Plus de 13 millions d'électeurs - sur une population de quelque 16,5 millions d'habitants - ont été appelés aux urnes.

«Pour le Chili, il s'agit de la première élection présidentielle avec le vote volontaire», avait rappelé au cours de la journée Mme Bachelet.

L'abstention a dépassé les 50% au premier tour et pourrait s'accentuer en raison de l'importante avance de Mme Bachelet, de la proximité des fêtes de fin d'année et des grandes vacances scolaires ainsi que de l'absence d'enjeu réel, selon des analystes.

L'abolition du vote obligatoire date de 2011. Aux municipales d'octobre 2012, l'abstention avait atteint 60%.

Evelyn Matthei, 60 ans, ex-ministre du Travail du sortant Sebastian Piñera (centre-droit), investie tardivement après une cascade de retraits de leaders conservateurs, avait reconnu que cette élection était le combat de «David contre Goliath», soulignant qu'une victoire face à la candidate socialiste relèverait du «miracle».

Les deux femmes qui s'affrontaient dans un duel électoral sans précédent en Amérique latine ont la particularité de partager un passé commun.
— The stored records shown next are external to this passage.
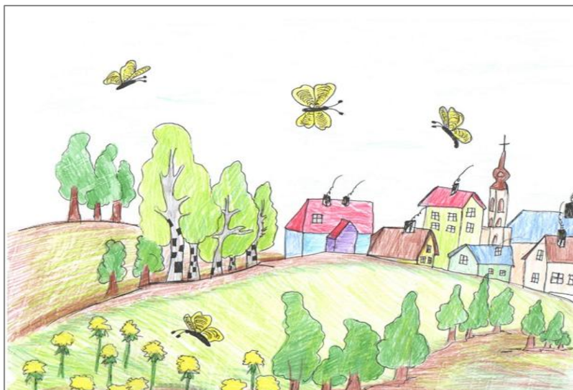
Piešė Iveta Kačinauskaitė 3 klasė
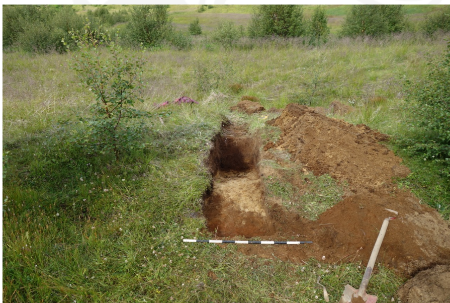
Mynd 3 Skurður í gegnum meint garðlag sem liggur í N-S. (Mynd tekin í A)

Skurður 1 var tekinn í gegnum hrygg sem lá í N-S. Hann var um 2,5-2m á breidd og um 30-40cm á hæð. Skurðurinn var 4m á lengd og um 60cm á breidd. Mesta dýpt var 70cm sem var í miðjum skurði en austan og vestan megin var skurðurinn 12cm og var stoppað þegar komið var niður á H3, ljós gjóska úr Heklu sem féll fyrir u.þ.b. 3000 árum. Engin mannvistarlög fundust í skurðinum. Hryggurinn er náttúrulegur og hefur myndast vegna jarðvegsfoks sem safnast hefur safnast saman upp við melinn sem er hærri í landslaginu. Snið var ekki teiknað þar sem ekki var um mannvirki að ræða
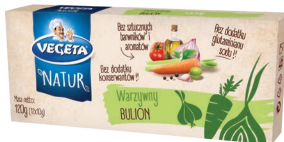
Bulion warzywny Natur 120 g
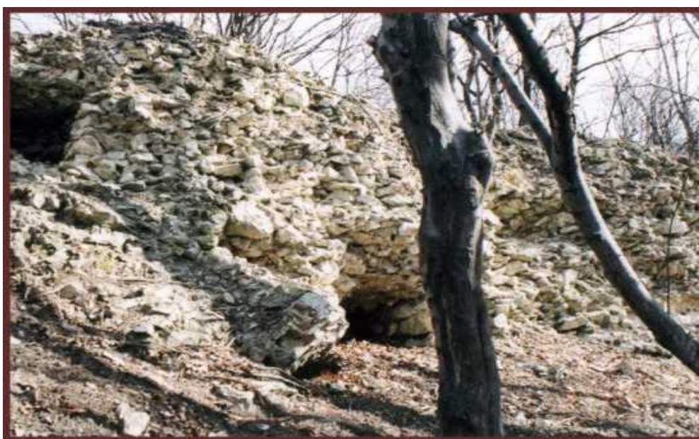
Oroszlánkő (Csákvár) vár
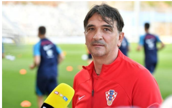
Slika 16. – Zlatko Dalić, hrvatski izbornik u razdoblju 2017.-2023.

Pored navedenog velikog uspjeha u Francuskoj, treba istaknuti srebrnu medalju na SP u Rusiji 2018. te ponovno broncu na SP u Katru 2022. U oba navrata Hrvatsku je vodio izbornik Zlatko Dalić.
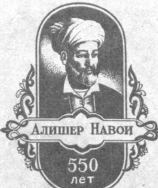
АЛИШЕР НАВОИ 550 лет
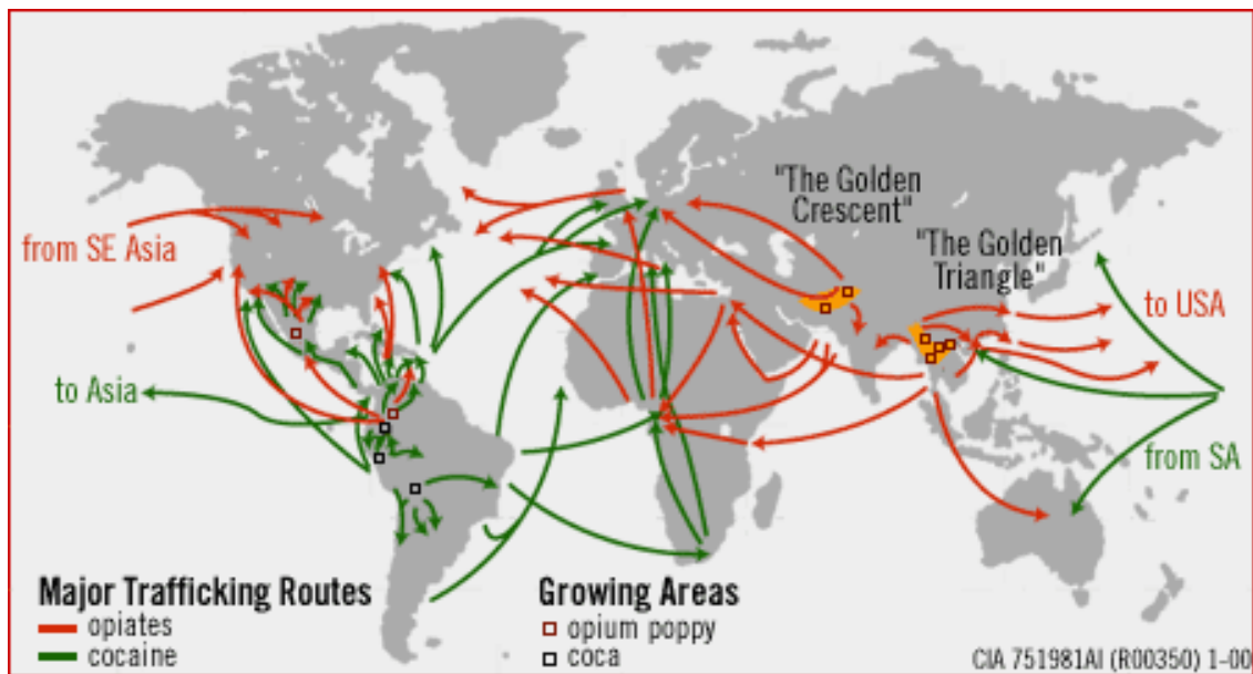
Figura 1: Rota do tráfico internacional
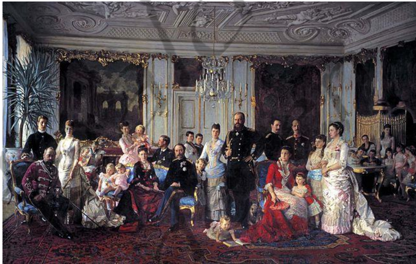
Christiaan IX met familie in de tuinzaal van paleis Fredensborg in 1883 door Laurits Tuxen Koningin Louise stierf op 29 september 1898 in het Slot Bernstorff in de buurt van Kopenhagen.

Vanwege zijn succesvolle huwelijkspolitiek werd Christiaan ook wel de "schoonvader van Europa" genoemd. Tot zijn nakomelingen horen de huidige regerende vorsten Elizabeth II van het Verenigd Koninkrijk, Margrethe II van Denemarken, Harald V van Noorwegen, Hendrik van Luxemburg, Filip van België en Felipe VI van Spanje, en de voormalige vorsten Michaël I van Roemenië en Constantijn II van Griekenland.
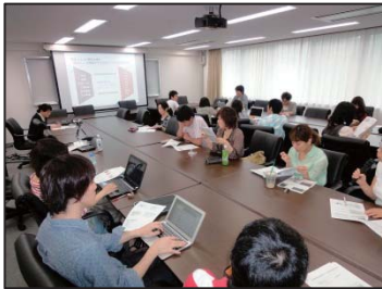
「日本の労働世界とジェンダー」の講義風景

ASNET機構は、今後も『アジアの環境研究の最前線』科目を続けることで、東京大学の大学院生たちにアジアのことを広く、そして深く理解してもらいたいと考えています。
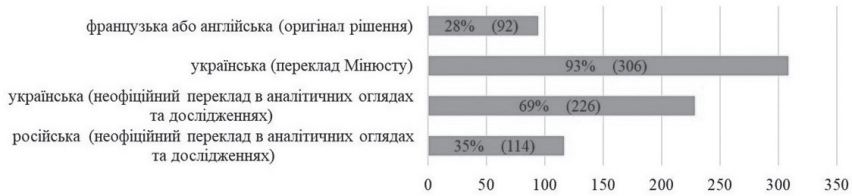
Рис. 5. Мови, що використовуються респондентами для вивчають рішень ЄСПЛ

Для оцінки потреби вдосконалення електронного сегменту в досліджуваній сфері автором представлено кілька ідей технічного вдосконалення, що загалом позитивно оцінені респондентами. На підтримку ідеї щодо запровадження вимоги обов'язкового застосування національним судом гіперпосилання на рішення ЄСПЛ до бази даних ЄСПЛ «HUDOC» при застосуванні практики ЄСПЛ у судовому рішенні висловлюються 67,1% опитаних, 18,9% – не підтримують, 14% опитаним важко відповісти на це питання. Водночас серед суддів дану пропозицію підтримують лише 24,6% респондентів. Вказане технічне вдосконалення можна також розглядати як механізм підвищення релевантності застосування практики ЄСПЛ. Також 87,5% респондентів підтримують ідею створення в функціоналі ЄДРСР додаткового фільтру для пошуку практики ЄСПЛ, що вказує на необхідність технічного вдосконалення ЄДРСР в даному напрямі. Ідею створення порталу дистанційного навчання для постійного вивчення правниками практики ЄСПЛ підтримують 89% опитаних.
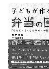
「子どもが作る弁当の日」 城戸久枝/文藝春秋
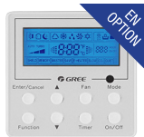
Thermostat filaire (XK-41)
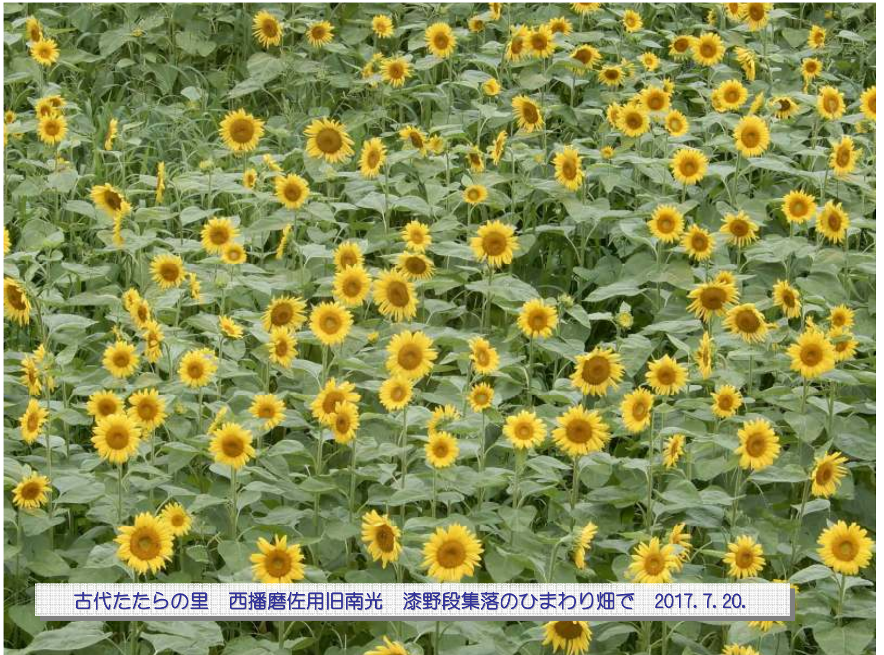
古代たたらの里 西播磨佐用旧南光 漆野段集落のひまわり畑で 2017. 7. 20.

Filles de généraux de l'Armée de l'air qui étaient des amis proches, elles ont partagé les jeux de l'enfance et l'ambiance familiale d'une base militaire.

Mais le coup d'État qui a installé la dictature d'Augusto Pinochet en 1973 changera leur vie à tout jamais. Alberto Bachelet fut torturé à mort pour sa fidélité à l'égard du président déchu Salvador Allende. De son côté, Fernando Matthei a rejoint la junte militaire.

Après un premier mandat (2006-2010) achevé avec une cote de popularité intacte, Mme Bachelet a passé trois ans à la tête de l'ONU-Femmes à New York.